This section explains how to execute administrative operations with Administrative API in ScalarDB. You can execute administrative operations programmatically as follows, but you can also execute those operations through Schema Loader.

Get a DistributedTransactionAdmin instance

To execute administrative operations, you first need to get a DistributedTransactionAdmin instance. The DistributedTransactionAdmin instance can be obtained from TransactionFactory as follows:

TransactionFactory transactionFactory = TransactionFactory.create("<configuration file path>");
DistributedTransactionAdmin admin = transactionFactory.getTransactionAdmin();

Please see Getting Started for the details of the configuration file.

Once you have executed all administrative operations, you should close the DistributedTransactionAdmin instance as follows:

admin.close();

Create a namespace

Before creating tables, namespaces must be created since a table belongs to one namespace. You can create a namespace as follows:

// Create a namespace "ns". It will throw an exception if the namespace already exists
admin.createNamespace("ns");

// Create a namespace only if it does not already exist
boolean ifNotExists = true;
admin.createNamespace("ns", ifNotExists);

// Create a namespace with options
Map<String, String> options = ...;
admin.createNamespace("ns", options);

Creation Options

In the creation operations (creating a namespace, creating a table, etc.), you can specify options that are maps of option names and values (Map<String, String>). With the options, we can set storage adapter specific configurations.
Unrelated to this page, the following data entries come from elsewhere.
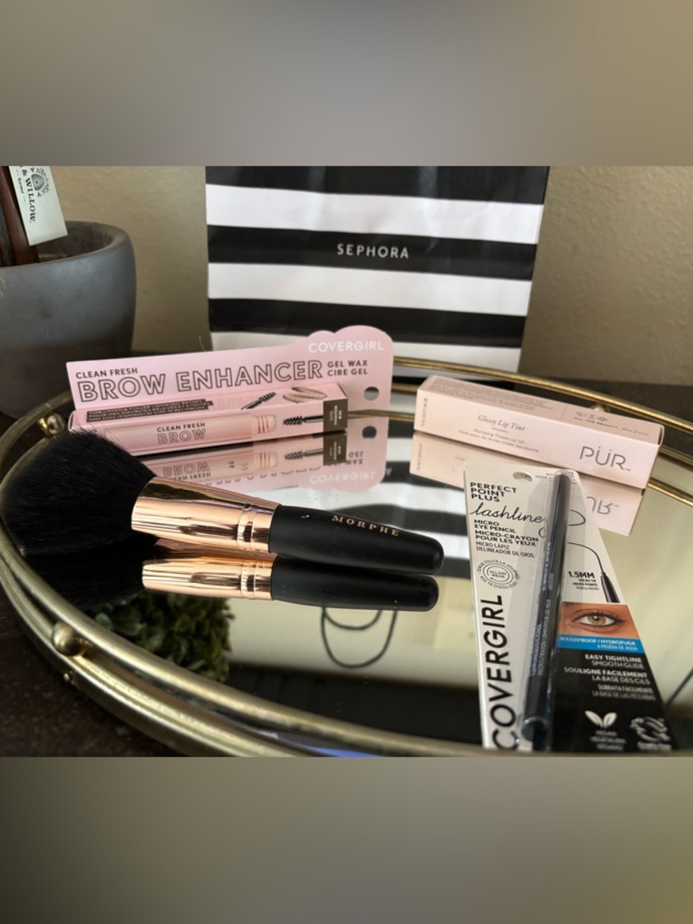 Makeup bundle including brushes and beauty products.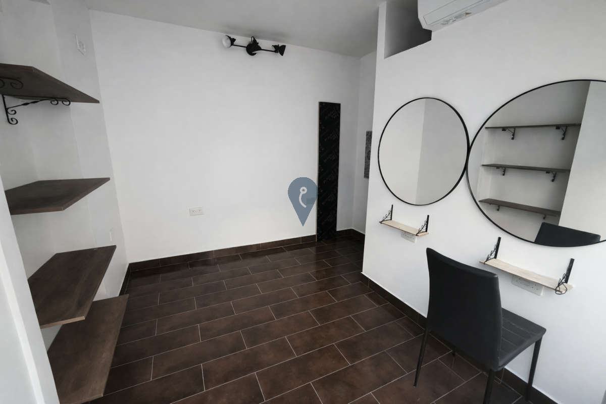 The premises are being offered fully finished and include a private bathroom, as well as water and electricity connections. It is ideal for use as an office, boutique shop, hair salon, or professional consultancy.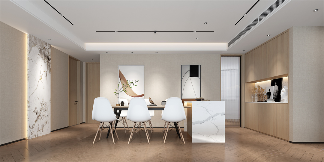 餐廳與客廳相連通,開放式的空間,用餐也能時(shí)刻感受周圍鋪灑的陽光,中島吧臺(tái)設(shè)計(jì)前衛(wèi)時(shí)尚,已成為時(shí)下年輕人追捧的元素之一。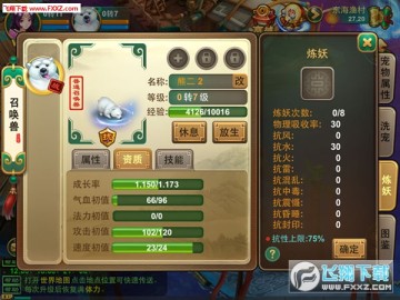玩家在主线关卡当中会得到各类型的炼妖石。通过炼妖,玩家可以提升召唤兽的各类抗性。但是要注意的是,召唤兽自身的抗性上限不能超过75%。

Currently, we can set the following options for the storage adapters:

For Cosmos DB:

name value default
ru Base resource unit 400
no-scaling Disable auto-scaling for Cosmos DB false

For DynamoDB:

name value default
no-scaling Disable auto-scaling for DynamoDB false
no-backup Disable continuous backup for DynamoDB false
ru Base resource unit 10

For Cassandra:

name value default
replication-strategy Cassandra replication strategy, must be SimpleStrategy or NetworkTopologyStrategy SimpleStrategy
compaction-strategy Cassandra compaction strategy, must be LCS, STCS or TWCS STCS
replication-factor Cassandra replication factor 1

Create a table

Next, we will discuss table creation.

You firstly need to create the TaleMetadata as follows:

// Define a table metadata
TableMetadata tableMetadata =
    TableMetadata.newBuilder()
        .addColumn("c1", DataType.INT)
        .addColumn("c2", DataType.TEXT)
        .addColumn("c3", DataType.BIGINT)
        .addColumn("c4", DataType.FLOAT)
        .addColumn("c5", DataType.DOUBLE)
        .addPartitionKey("c1")
        .addClusteringKey("c2", Scan.Ordering.Order.DESC)
        .addClusteringKey("c3", Scan.Ordering.Order.ASC)
        .addSecondaryIndex("c4")
        .build();

Here you define columns, a partition key, a clustering key including clustering orders, and secondary indexes of a table.
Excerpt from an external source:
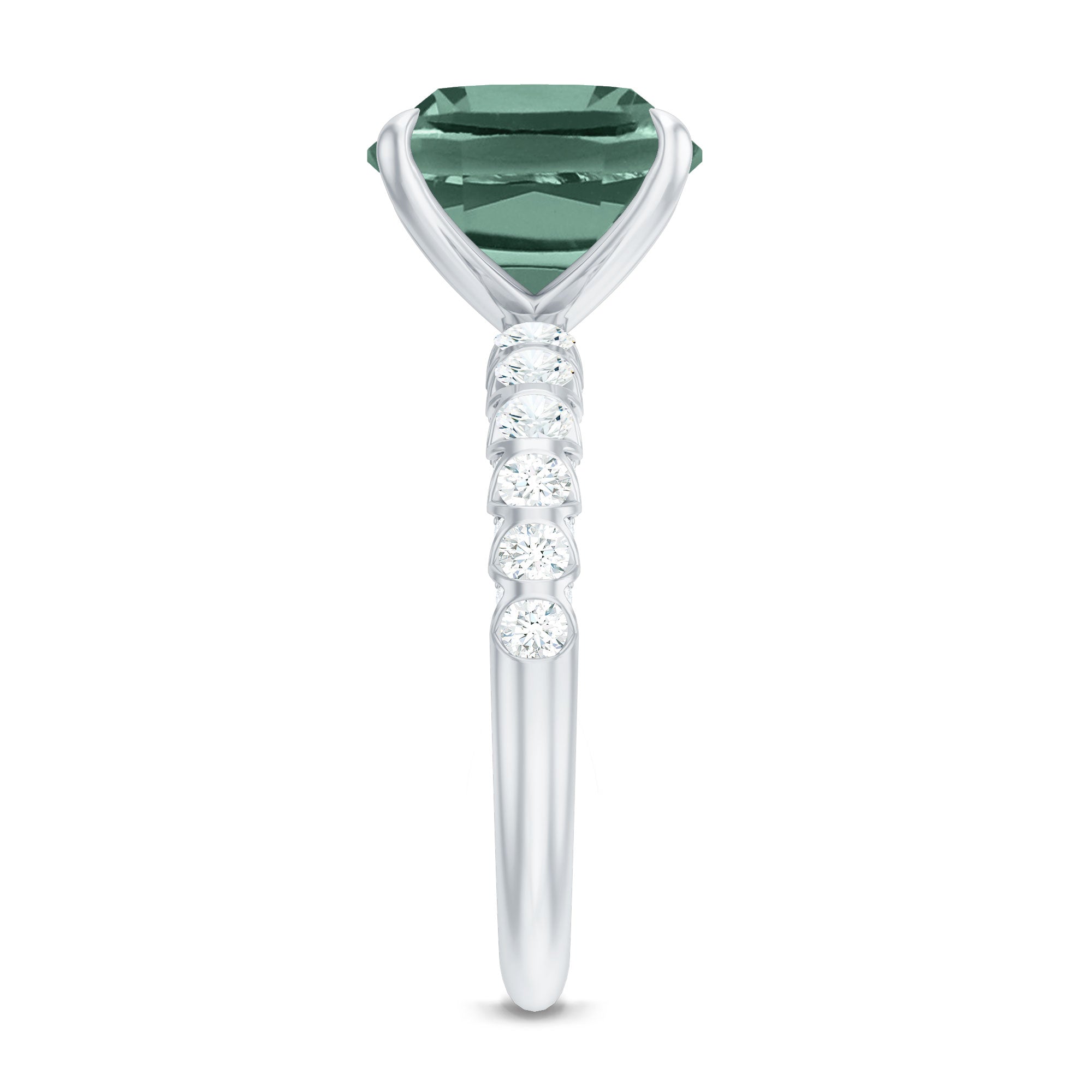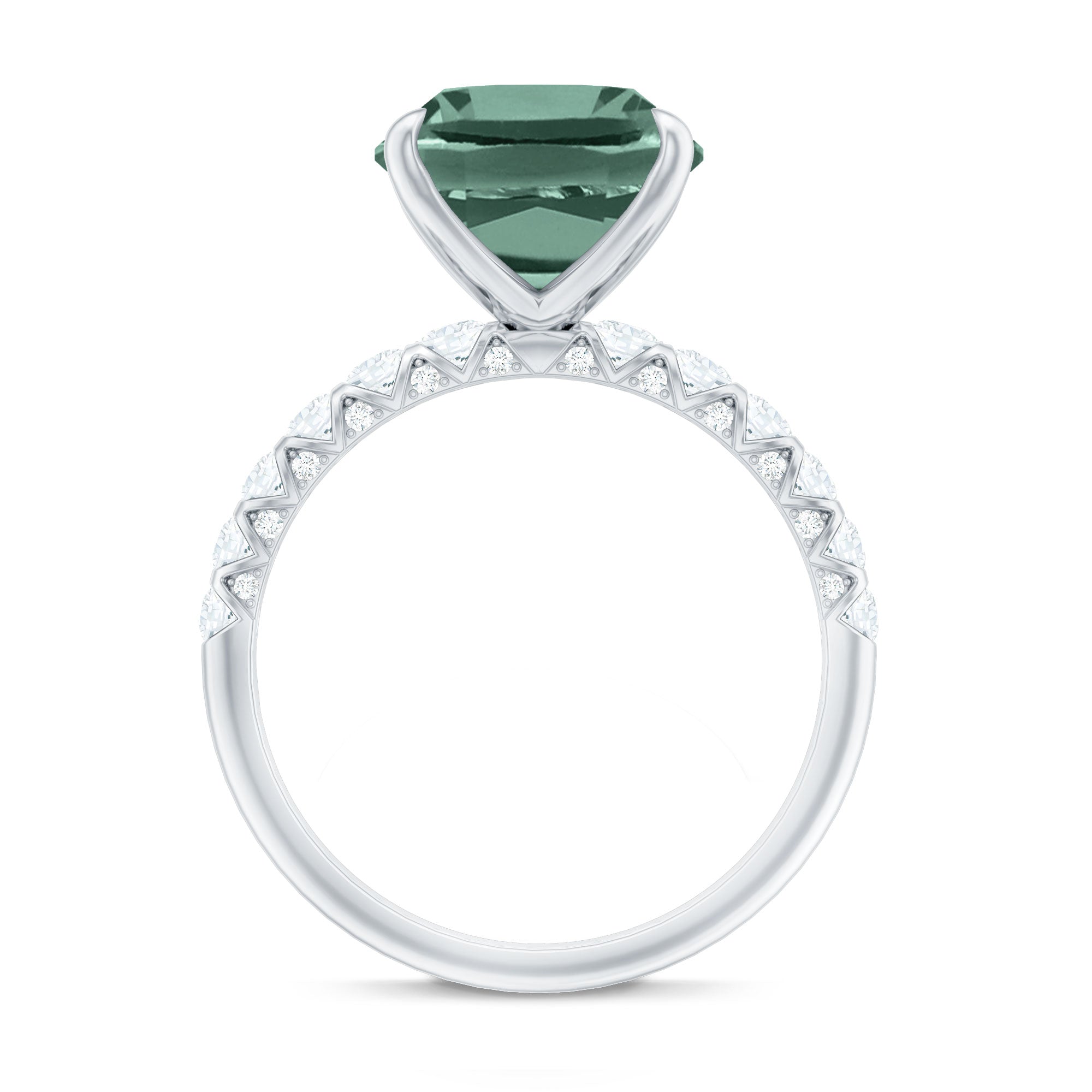 Cushion Cut Created Green Sapphire Engagement Ring with Moissanite

Please see ScalarDB design document - Data Model for the details of the ScalarDB Data Model.

And then, you can create a table as follows:

// Create a table "ns.tbl". It will throw an exception if the table already exists
admin.createTable("ns", "tbl", tableMetadata);

// Create a table only if it does not already exist
boolean ifNotExists = true;
admin.createTable("ns", "tbl", tableMetadata, ifNotExists);

// Create a table with options
Map<String, String> options = ...;
admin.createTable("ns", "tbl", tableMetadata, options);

Create a secondary index

You can create a secondary index as follows:

// Create a secondary index on a column "c5" of a table "ns.tbl". It will throw an exception if the secondary index already exists
admin.createIndex("ns", "tbl", "c5");

// Create a secondary index only if it does not already exist
boolean ifNotExists = true;
admin.createIndex("ns", "tbl", "c5", ifNotExists);

// Create a secondary index with options
Map<String, String> options = ...;
admin.createIndex("ns", "tbl", "c5", options);

Add a new column to a table

You can add a new non-partition key column to a table as follows:

// Add the new column "c6" of type INT to the table "ns.tbl"  
admin.addNewColumnToTable("ns", "tbl", "c6", DataType.INT)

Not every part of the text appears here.